## [What you will do]
Below are records; print only the lines from the line containing "Ce livre d'invités" to the end, both included, reproduced exactly and without the pictures.

Top of Information

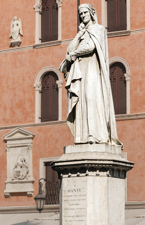 Dante’s Statue and Palazzo Domus Nova in Piazza dei Signori.
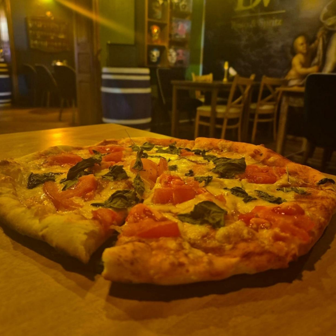 Pizza de 30 cm con base de jitomate, queso mozzarella, jitomate fresco, albahaca y parmesano.
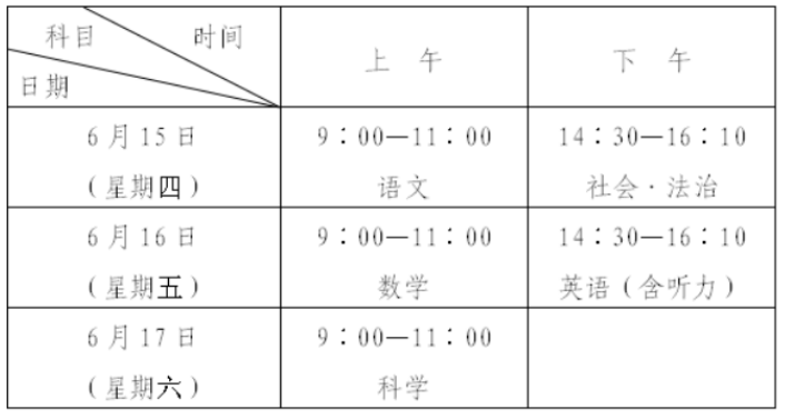 浙江绍兴中考时间2025年时间表(6月21日-22日)
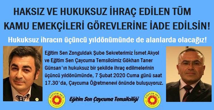Eğitim-Sen Çay76cuma temsilciliği konuyla ilgili yaptığı duyuruda şu bilgilere yer verdi, “7 Şubat 2017 tarihinde yayınlanan 686 sayılı OHAL KHK’si ile hukuksuz bir şekilde ihraç edilen Eğitim Sen Zonguldak Şube Sekreterimiz İsmet Akyol ve Eğitim Sen Çaycuma Temsilcimiz Gökhan Taner Günsan’ın ihraç edilmelerinin üçüncü yıldönümünde, 7 Şubat 2020 Cuma günü saat 17.30’da Çaycuma Öğretmenevi önünde buluşuyoruz.
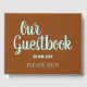 Ce livre d'invités générique contient les messages "Notre livre d'or" et "S'IL VOUS PLAÎT SIGNER", ainsi qu'une date personnalisée. Le texte est de couleur turquoise, et l'arrière - plan est de couleur marron. Un livre d'invité générique et personnalisable comme celui-ci peut être utilisé lors d'un événement tel qu'un baby shower, un mariage, un enterrement ou tout autre événement.
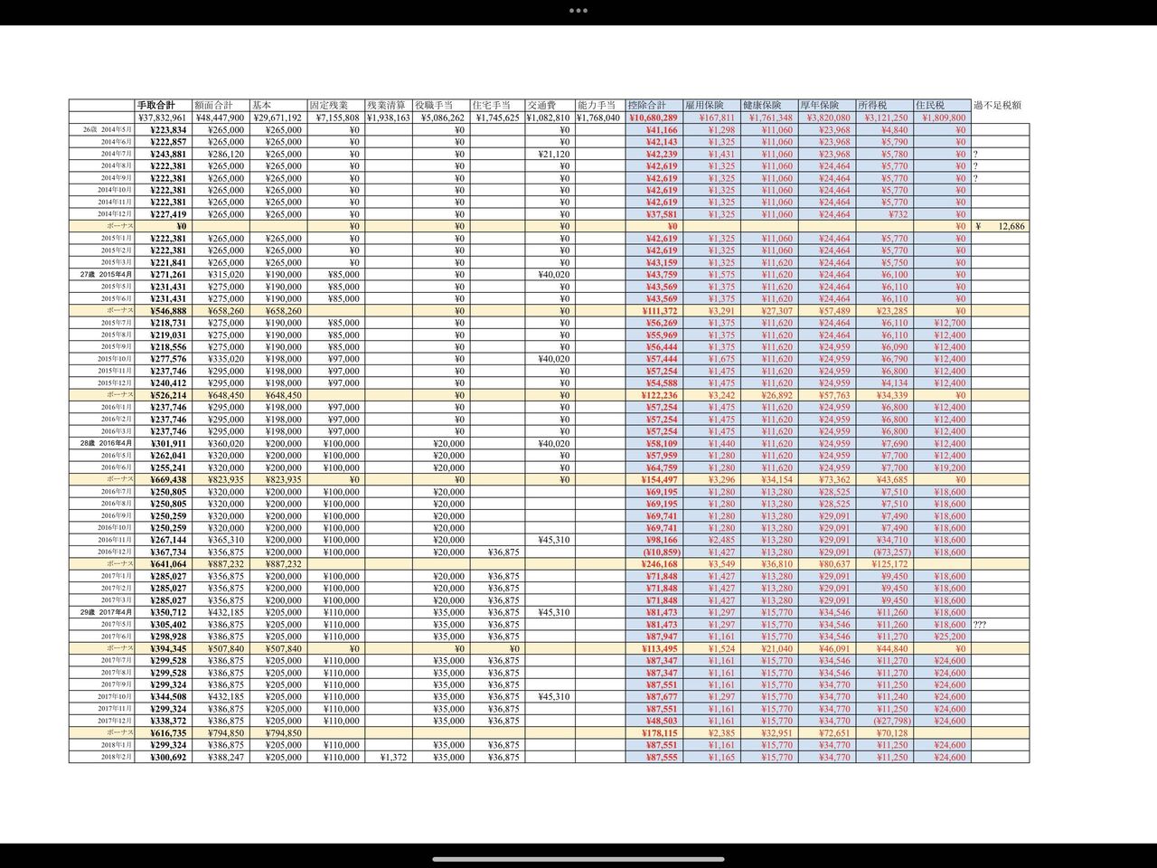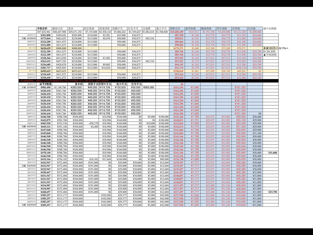 【画像あり】ワイの26歳(年収320万)~34歳(年収700万)までの給与明細の内訳をまとめてみたwwwwww

Bottom of Information

## [Written response]
 Ce livre d'invités générique contient les messages "Notre livre d'or" et "S'IL VOUS PLAÎT SIGNER", ainsi qu'une date personnalisée. Le texte est de couleur turquoise, et l'arrière - plan est de couleur marron. Un livre d'invité générique et personnalisable comme celui-ci peut être utilisé lors d'un événement tel qu'un baby shower, un mariage, un enterrement ou tout autre événement.
 【画像あり】ワイの26歳(年収320万)~34歳(年収700万)までの給与明細の内訳をまとめてみたwwwwww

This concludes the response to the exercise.